Start to finish, return the listing below exactly, pictures excluded.

Given data ::
_ _ _ _ _ _ _

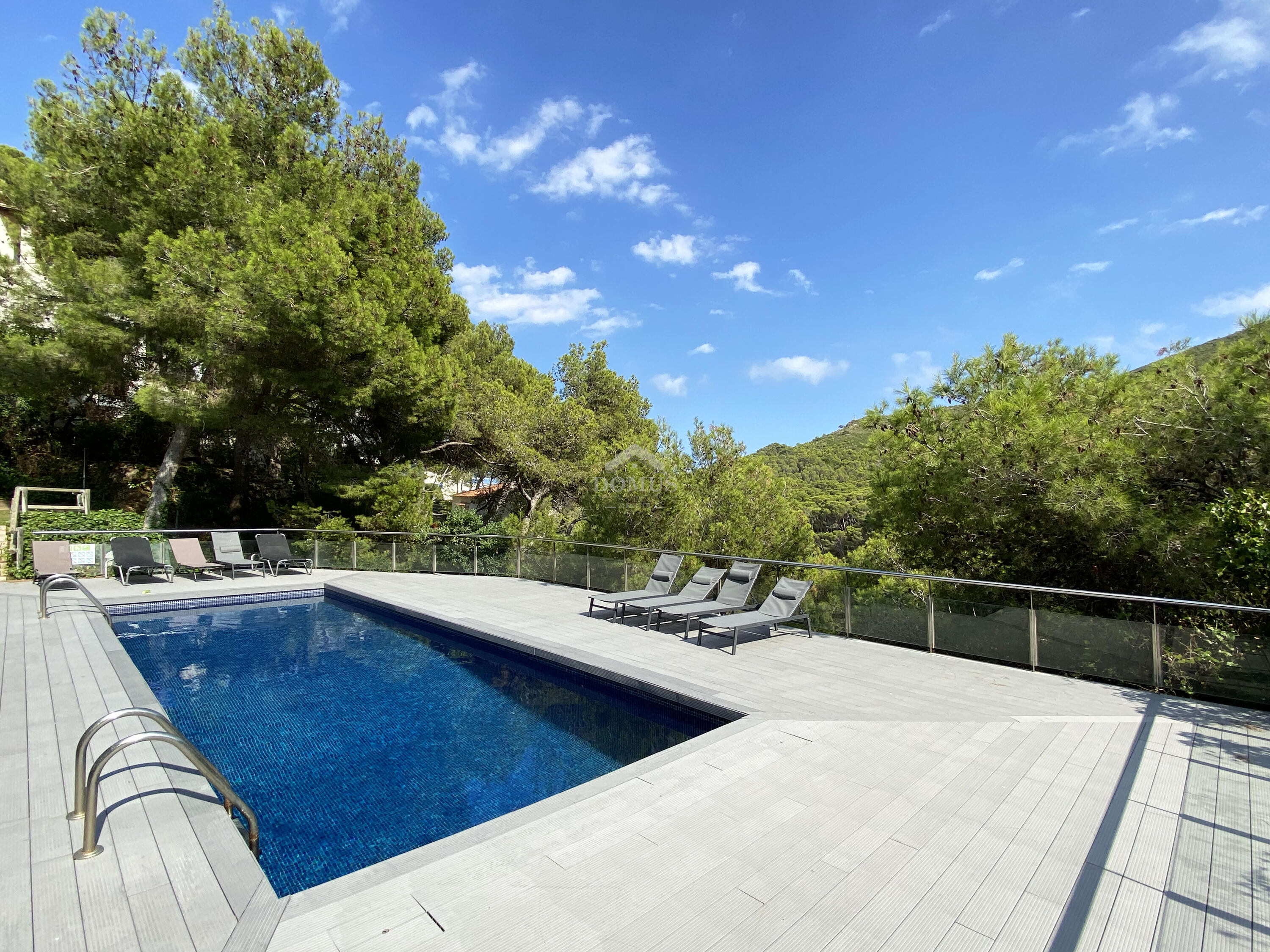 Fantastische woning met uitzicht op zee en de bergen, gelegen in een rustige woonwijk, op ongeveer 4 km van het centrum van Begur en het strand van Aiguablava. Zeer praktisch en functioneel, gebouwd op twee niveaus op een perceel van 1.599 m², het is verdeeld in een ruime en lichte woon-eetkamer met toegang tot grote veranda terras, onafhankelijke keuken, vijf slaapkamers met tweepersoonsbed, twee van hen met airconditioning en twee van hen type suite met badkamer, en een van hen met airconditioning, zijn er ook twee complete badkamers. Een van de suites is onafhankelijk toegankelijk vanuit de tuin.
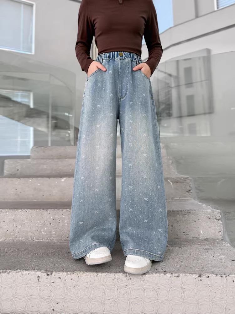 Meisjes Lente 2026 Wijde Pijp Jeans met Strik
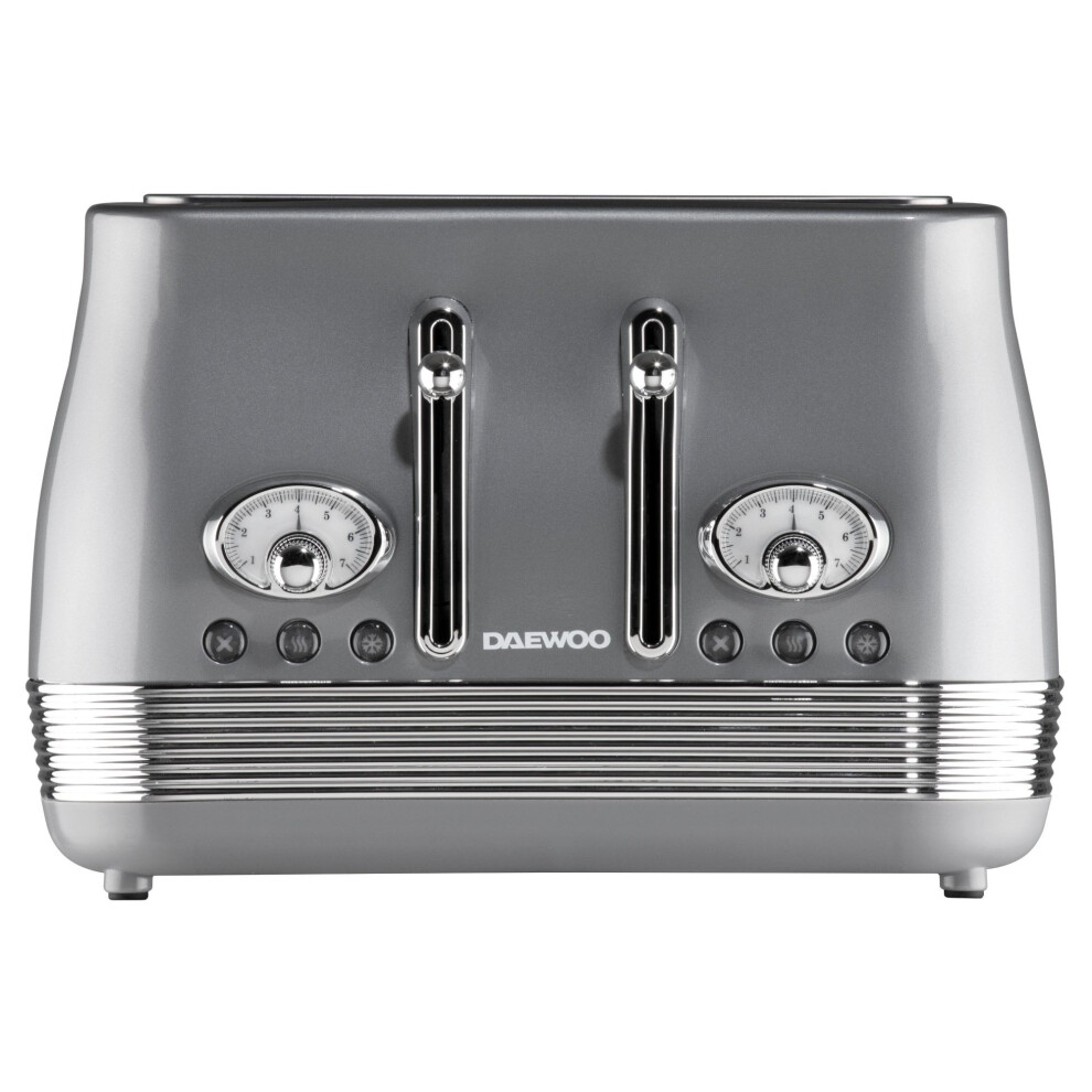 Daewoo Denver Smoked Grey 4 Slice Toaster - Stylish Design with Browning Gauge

_ _ _ _ _ _ _

Your solution ::
 Fantastische woning met uitzicht op zee en de bergen, gelegen in een rustige woonwijk, op ongeveer 4 km van het centrum van Begur en het strand van Aiguablava. Zeer praktisch en functioneel, gebouwd op twee niveaus op een perceel van 1.599 m², het is verdeeld in een ruime en lichte woon-eetkamer met toegang tot grote veranda terras, onafhankelijke keuken, vijf slaapkamers met tweepersoonsbed, twee van hen met airconditioning en twee van hen type suite met badkamer, en een van hen met airconditioning, zijn er ook twee complete badkamers. Een van de suites is onafhankelijk toegankelijk vanuit de tuin.
 Meisjes Lente 2026 Wijde Pijp Jeans met Strik
 Daewoo Denver Smoked Grey 4 Slice Toaster - Stylish Design with Browning Gauge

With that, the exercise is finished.